Çankırı’nın Karadayı köyünden çıkıp Türk Ordusu’nun en üstüne kadar yükselmiş bir askerdi.

12 Eylül döneminde, 1981’de Tümgeneralliğe terfi etmesinde üstün başarılarının yanı sıra, Anadolu çocuğu olmasının ve namaz kılmasının da bir rolü olmuştu.

O her zaman Mustafa Kemal’in askeriydi.

2 oğlu da askerliğini terörün hızlı zamanında Güneydoğu’da yapmıştı.

Vatanın selameti dışında hiçbir beklentisi yoktu.

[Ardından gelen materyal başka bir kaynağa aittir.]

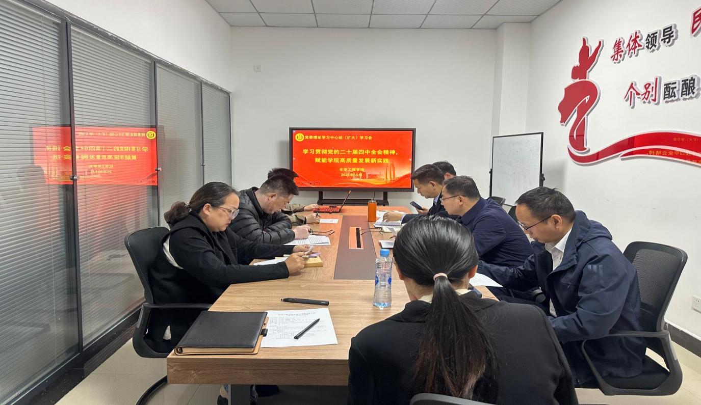 为深入学习贯彻党的二十届四中全会精神,切实把思想和行动统一到党中央决策部署上来,10月31日,化学工程学院在先骕楼4-3357 会议室召开党委理论学习中心组(扩大)学习会。会议以 “学习贯彻党的二十届四中全会精神,赋能学院高质量发展新实践” 为主题开展专题学习,学院党委班子成员、科级干部及各党支部书记参加会议,院党委书记邓建刚主持会议并讲话。

Herkesin sevdiği çelebi bir insandı. Özellikle gazetecilerle samimi ilişkileri vardı.

Anılarını yazmadı, keşke yazsaydı.

FETÖ’nün başlattığı 28 Şubat davasının, 15 Temmuz sonrası düşürülmemesi en büyük üzüntüsüydü.

Son dileğini, “Ölmeden önce aklanmak istiyorum” sözleriyle dile getiriyordu.

Zarif eşi Seren hanım da yakın çevresine eşinin durumunun bu dava yüzünden kötüleştiğini, moral bozukluğunun hastalığı hızlandırdığını anlatıyordu.

Amerikan maşası hain FETÖ kumpası ile kimse kirlenmez.

T.C. Devlet Şeref Madalyası, TSK Üstün Hizmet Madalyası, TSK Altın Şeref Madalyası sahibi Karadayı Paşa, Türk Milletinin bağrındadır.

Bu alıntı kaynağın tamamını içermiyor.